ASSOCIATED PRESS PHOTOGRAPHS
The 386-foot, 236-ton, 152,000-megawatt wind turbine built by Jiminy Peak ski resort rises high above the tree line in Hancock, Mass. The ski industry is redefining its image as resorts are switching to more environmental power. A snowboarder (left) skis down a slope.HANCOCK, Mass.
Brian Fairbank tried just about everything to cut the costs of running his Jiminy Peak ski resort. He used recycled motor oil to heat its mountain operations center, developed more efficient snow guns, captured heat generated by snow-making machines, even installed waterless toilets.
Still his annual electric bill hit $635,000.
So Mr. Fairbank decided to do what no ski resort owner had done: install a giant windmill to make his own power.
Other ski resorts, smarting from criticism over soaring energy and water use as well as their impact on fragile ecosystems, are now watching Jiminy’s 386-foot, $3.9 million turbine to determine whether it might work elsewhere.
The ski industry has pushed to redefine its image, with resorts switching to more environmentally friendly power and buying renewable energy credits to offset greenhouse gas emissions.
The industry is trying to turn profits while confronting the prospects of snow retreating to higher altitudes, later snowfalls and earlier snowmelts.
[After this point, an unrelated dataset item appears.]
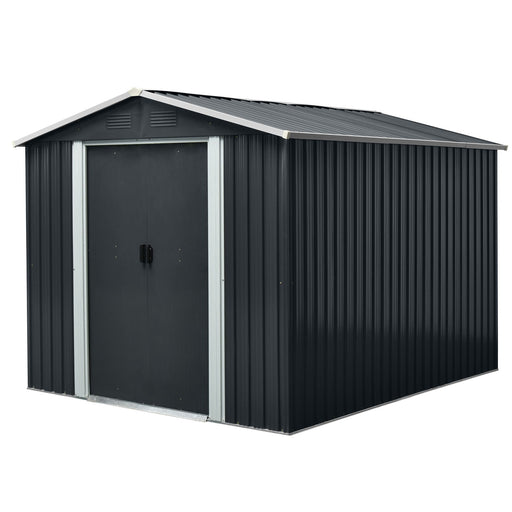 Outdoor Metal Storage Shed With Sliding Door And Foundation For Backyard, Patio, Lawn
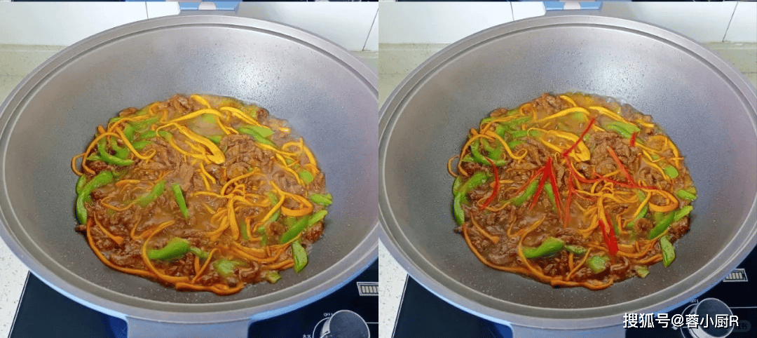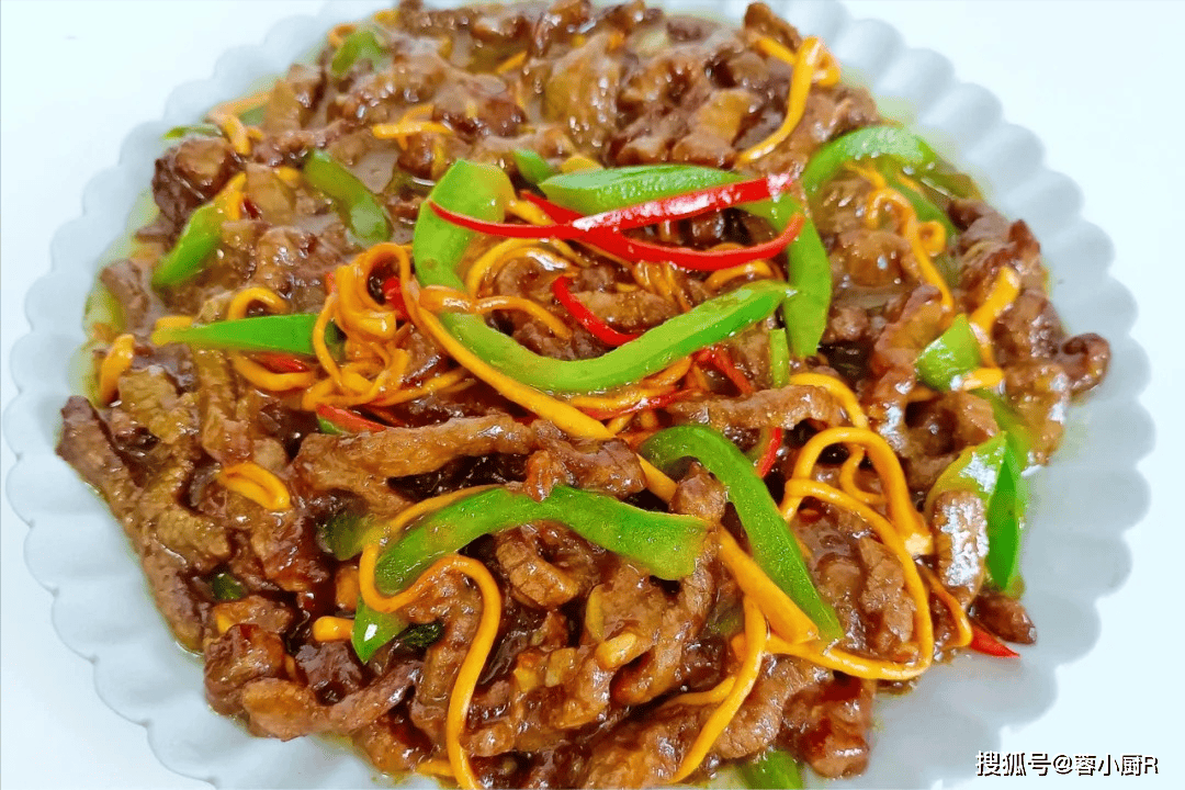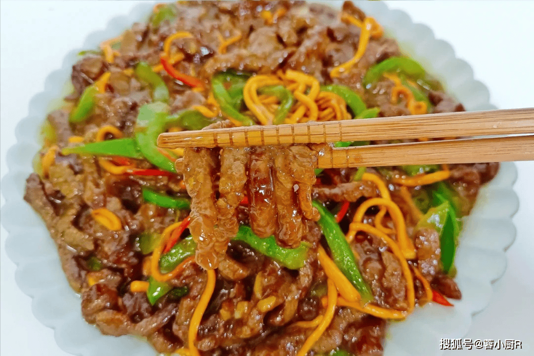 2、牛肉放帝伯朗香水砧板横着切成细丝,加生抽一勺、老抽半勺、蚝油一勺、胡椒粉少许抓拌均匀,

In 2006, Vail Resorts took the lead by purchasing nearly 152,000-megawatt hours of wind energy credits to offset all of its annual power consumption at its five ski areas and other businesses, making it one of the largest corporate users in the nation.
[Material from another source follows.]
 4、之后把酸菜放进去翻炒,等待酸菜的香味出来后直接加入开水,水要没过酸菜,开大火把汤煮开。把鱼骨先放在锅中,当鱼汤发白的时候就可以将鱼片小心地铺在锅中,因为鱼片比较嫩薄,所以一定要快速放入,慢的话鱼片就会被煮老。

At British Columbia’s Whistler Blackcomb resort, construction is expected to end in November on a $32 million hydroelectric power project that will offset the annual energy consumption at the ski area. The Fitzsimmons Creek Hydro Project will produce 33.5 gigawatt hours of electricity a year, enough to send the facility into greenhouse gas production deficit, said Arthur De Jong, mountain planning manager.
At Jiminy Peak, the wind turbine, nicknamed Zephyr after the Greek god of the west wind, has become a tourist attraction at southern New England’s largest ski resort.
It also cut Fairbank’s electricity costs by $200,000 last year - the first full year the turbine was operational.
“The wind turbine came about because we had done all these things and there was no more low-hanging fruit,” said Mr. Fairbank, who has run the resort for three decades. “We now make twice the amount of snow, with half the amount of money that we did 15 years ago.”
Bill Swersey, of Manhattan, who has skied at the western Massachusetts resort on the New York border every year since the late 1970s, said the turbine is a powerful symbol of environmentally friendly skiing.
“I think that you sometimes feel like skiing is an indulgence sport. You know it uses a lot of energy between the lifts and the snow making and the lighting … and the fact that they can offset even some of it with wind energy is great,” said Mr. Swersey, a Web site manager.
David Rooney, president of the nonprofit Berkshire Economic Development Corp., said Jiminy Peak has become a model for large-scale renewable energy production at ski resorts.